The DEX gene encodes an extracellular dextranase (EC 3.2.1.11); this enzyme hydrolyzes the alpha(1,6) glucosidic bond contained in dextran to release small isomaltosaccharides. Sequence analysis has revealed only one homologous sequence, CB-8 protein, from Arthrobacter sp., with 30% sequence identity. The secondary structure prediction for Dex was corroborated by circular dichroism measurements. To explore the possibility that Dex protein might adopt a fold similar to any known structure, we conducted a threading search of a three-dimensional structure database. This search revealed that the Dex sequence is compatible with the galactose oxidase/methanol dehydrogenase/sialidase fold. A structural model of Dex based on these results is physically and biologically plausible and leads to testable predictions, including the prediction that Asp246 and Glu299 might be catalytic residues. Also, according to this model the Dex enzyme has a mechanism of hydrolysis with net inversion of anomeric configuration.

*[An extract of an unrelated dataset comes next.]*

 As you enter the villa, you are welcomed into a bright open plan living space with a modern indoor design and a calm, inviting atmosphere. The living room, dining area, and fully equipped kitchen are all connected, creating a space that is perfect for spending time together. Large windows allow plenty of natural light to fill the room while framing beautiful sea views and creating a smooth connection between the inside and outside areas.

Cloning and sequencing of a dextranase-encoding cDNA from Penicillium minioluteum.

A cDNA from Penicillium minioluteum HI-4 encoding a dextranase (1,6-alpha-glucan hydrolase, EC 3.2.1.11) was isolated and characterized. cDNA clones corresponding to genes expressed in dextran-induced cultures were identified by differential hybridization. Southern hybridization and restriction mapping analysis of selected clones revealed four different groups of cDNAs. The dextranase cDNA was identified after expressing a cDNA fragment from each of the isolated groups of cDNA clones in the Escherichia coli T7 system. The expression of a 2 kb cDNA fragment in E. coli led to the production of a 67 kDa protein which was recognized by an anti-dextranase polyclonal antibody. The cDNA contains 2109 bp plus a poly(A) tail, coding for a protein of 608 amino acids, including 20 N-terminal amino acid residues which might correspond to a signal peptide. There was 29% sequence identity between the P. minioluteum dextranase and the dextranase from Arthrobacter sp. CB-8.

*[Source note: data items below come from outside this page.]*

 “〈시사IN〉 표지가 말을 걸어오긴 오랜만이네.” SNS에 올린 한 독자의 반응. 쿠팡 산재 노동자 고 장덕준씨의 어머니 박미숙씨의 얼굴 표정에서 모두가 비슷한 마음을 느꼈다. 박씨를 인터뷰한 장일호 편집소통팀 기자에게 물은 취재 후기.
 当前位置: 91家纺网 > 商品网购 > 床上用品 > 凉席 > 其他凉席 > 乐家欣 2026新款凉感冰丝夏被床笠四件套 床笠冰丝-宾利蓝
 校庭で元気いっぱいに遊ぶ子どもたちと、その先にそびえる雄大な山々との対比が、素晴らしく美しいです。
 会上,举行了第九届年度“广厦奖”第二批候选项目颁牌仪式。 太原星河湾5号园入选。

Cloning of the Penicillium minioluteum gene encoding dextranase and its expression in Pichia pastoris.

The DEX gene encoding an extracellular dextranase was isolated from the genomic DNA library of Penicillium minioluteum by hybridization using the dextranase cDNA as a probe. Comparison of the gene and cDNA sequences revealed that the DEX gene does not contain introns. Amino acid sequences comparison of P. minioluteum dextranase with other reported dextranases reveals a significant homology (29% identity) with a dextranase from Arthrobacter sp. CB-8. The DEX gene fragment encoding a mature protein of 574 amino acids was expressed in the methylotrophic yeast Pichia pastoris by using the SUC2 gene signal sequence from Saccharomyces cerevisiae under control of the alcohol oxidase-1 (AOX1) promoter. Over 3.2 g/l of enzymatically active dextranase was secreted into the medium after induction by methanol. The yeast product was indistinguishable from the native enzyme in specific activity and the N-terminus of both proteins were identical.